One problem associated with gas turbine engines is caused by pressure fluctuations in the air, or gas, flow through the gas turbine engine. Pressure fluctuations in the air, or gas, flow through the gas turbine engine may lead to severe damage, or failure, of components if the frequency of the pressure fluctuations coincides with the natural frequency of a vibration mode of one or more of the components. These pressure fluctuations may be amplified by the combustion process and under adverse conditions a resonant frequency may achieve sufficient amplitude to cause severe damage to the combustion chamber and the gas turbine engine.
It has been found that gas turbine engines which have lean combustion are particularly susceptible to this problem. Furthermore it has been found that as gas turbine engines which have lean combustion reduce emissions to lower levels by achieving more uniform mixing of the fuel and air, the amplitude of the resonant frequency becomes greater. It is believed that the amplification of the pressure fluctuations in the combustion chamber occurs because there is instability in the combustion process, there is a resonant cavity and the heat released by the burning of the fuel occurs at a position in the combustion chamber which corresponds to an antinode, or pressure peak, in the pressure fluctuations.
It is also known to provide gas turbine engine combustion chambers which have a plurality of catalytic reaction zones arranged in series to minimise nitrous oxide (NOx) emissions. One known arrangement is described in our European patent application EP0805309A, published Nov. 5, 1997 . In this arrangement a pilot injector is provided to burn some of the fuel to preheat a first catalytic reaction zone to its operating temperature.
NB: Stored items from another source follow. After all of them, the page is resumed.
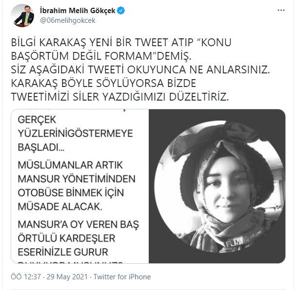 Karakaş'ın tepki gösterdiği Gökçek, hâlâ şüpheli olduğunu ima ederek, "Bilgi Karakaş yeni bir tweet atıp 'Konu baş örtüm değil' demiş. Siz aşağıdaki tweeti okuyunca ne anlarsınız? Karakaş böyle söylüyorsa tweetimizi siler, yazdığımızı düzeltiriz" dedi.
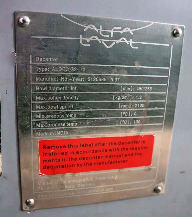 The robust construction of the Alfa-Laval ALDEC G2-70 is complemented by its advanced features, including a 6-inch single lead STC-tiled conveyor and a powerful 37 KW motor that operates at 380/3/50/1450 RPM. The gearbox, with a 169:1 ratio and a torque capacity of 6.0 kNm, ensures that the centrifuge operates smoothly and efficiently under varying load conditions. Additionally, the 15 KW backdrive system provides enhanced control during the separation process, allowing for adjustments based on the specific characteristics of the feed material. With its comprehensive lube system and well-designed feed tube, this centrifuge is not only efficient but also user-friendly, making it easier for operators to maintain optimal performance over time. This unit, manufactured in 2007 and in excellent condition, is strategically located in Africa, ready to enhance your processing capabilities.
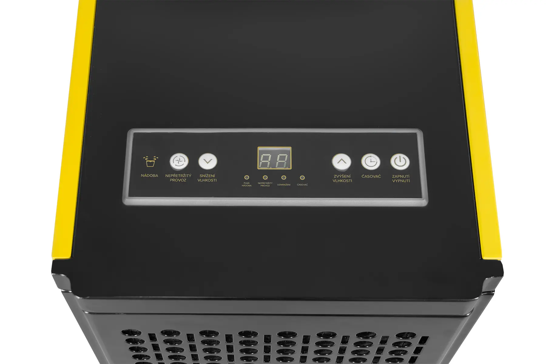 Intuitivní ovládací panel s digitálním displejem umožňuje přesné nastavení cílové vlhkosti v rozsahu 20-90% RH v krocích 5% RH. Kompresor spíná při odchylce ≥ 3% RH, což zajištuje stabilní a efektivní provoz bez zbytečného cyklování. O řízení provozu se stará integrovaný elektronický hygrostat, který automaticky zapíná a vypíná odvlhčovač podle aktuální teploty v místnosti. K dispozici je také režim nepřetržitého provozu, ve kterém zařízení pracuje trvale bez ohledu na aktuální vlhkost. Tento režim je ideální při vysoušení zdiva, zejména vytopení nebo při sanaci stavebních konstrukcí. Odvlhčovač je vybaven pamětí posledního nastavení, takže při výpadku napájení automaticky pokračuje v původně zvoleném režimu.
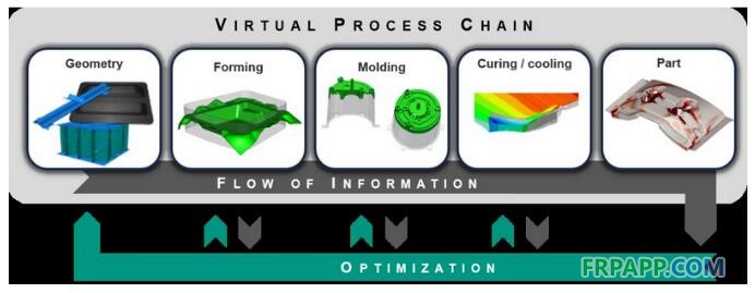 為了充分利用SMC輕量化解決方案的潛力,采用合適的仿真設計和優化方法是必不可少的。與此同時,制造過程會顯著影響產品中纖維取向等結構,進而影響產品的性能。因此,有效的仿真設計還需要一個對實際制造過程的數字化映射系統(digital twin),也需要一個虛擬的工藝過程鏈,這可以為后續的進一步仿真方法,如翹曲變形仿真、結構仿真等保留制造過程對于產品性能的影響。不過,之前的學術模型過于復雜,導致無法生成有效的材料卡片用于工業化產品的結構仿真當中。而且,他們還沒有足夠成熟的技術來清晰描繪不同的工藝制造過程來滿足最小精度和最大數值效率的要求。
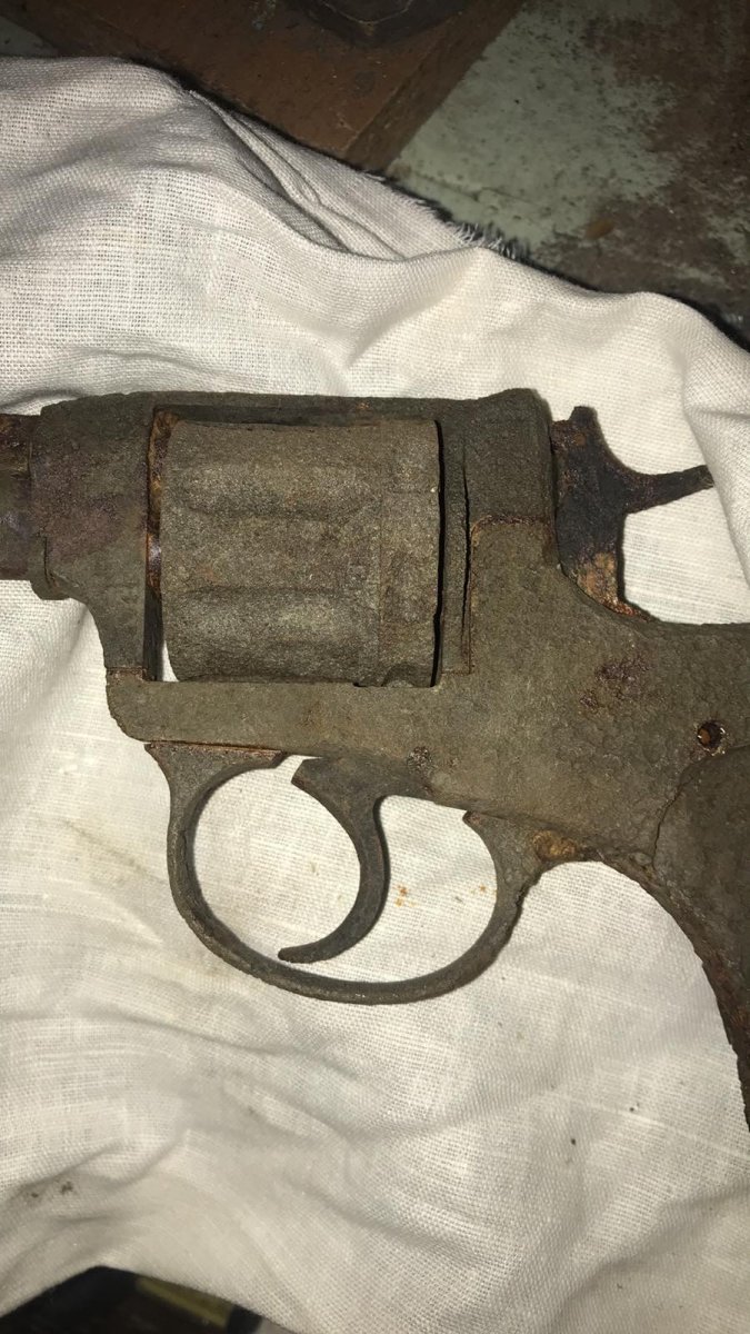 Приветствую камрады, друг попросил что б оценили данный девайс Нагана выкопанного на позициях. курок и спусковой механизм не зводяться, барабан крутиться, царський.За ранее спасибо

A main injector is positioned upstream of the first catalytic reaction zone to supply fuel to the first catalytic reaction zone. The second and subsequent catalytic reaction zones receive unburned fuel from the first catalytic reaction zone.
A problem with this arrangement is that it does not fit into the space available, and it requires staged fuelling between the catalytic reaction zones.
It is also known to provide gas turbine engine combustion chambers which have staged combustion using combustion of lean fuel and air mixtures in a catalytic reaction zone downstream of the last staged combustion zone and a homogeneous combustion zone downstream of the catalytic reaction zone to further reduce emissions of NOx. One known arrangement is described in our European patent application no. EP0810405A, published Dec. 3, 1997.
It is also known to provide catalytic partial oxidation in which a hydrocarbon fuel is mixed with air so that rich combustion occurs in contact with a catalyst to form a product gas which comprises a mixture of hydrogen, carbon monoxide, water, carbon dioxide and unreacted hydrocarbon fuel. The hydrocarbon fuel is burned with insufficient amounts of oxygen, for complete oxidation, such that it is only partially oxidised. The term rich combustion means combustion of fuel in air where the fuel to air ratio is high, i.e. greater than the stoichiometric ratio for complete oxidation. International patent application no. WO92/20963, published Nov. 26, 1992 describes a combustion system for a gas turbine where all the fuel is supplied to a catalytic partial oxidation reaction zone, the product gas of the catalytic partial oxidation reaction zone are mixed with air and supplied to a primary combustion zone and finally the products of the primary combustion zone are mixed with air and supplied to a secondary combustion zone. This arrangement reduces NOx emissions.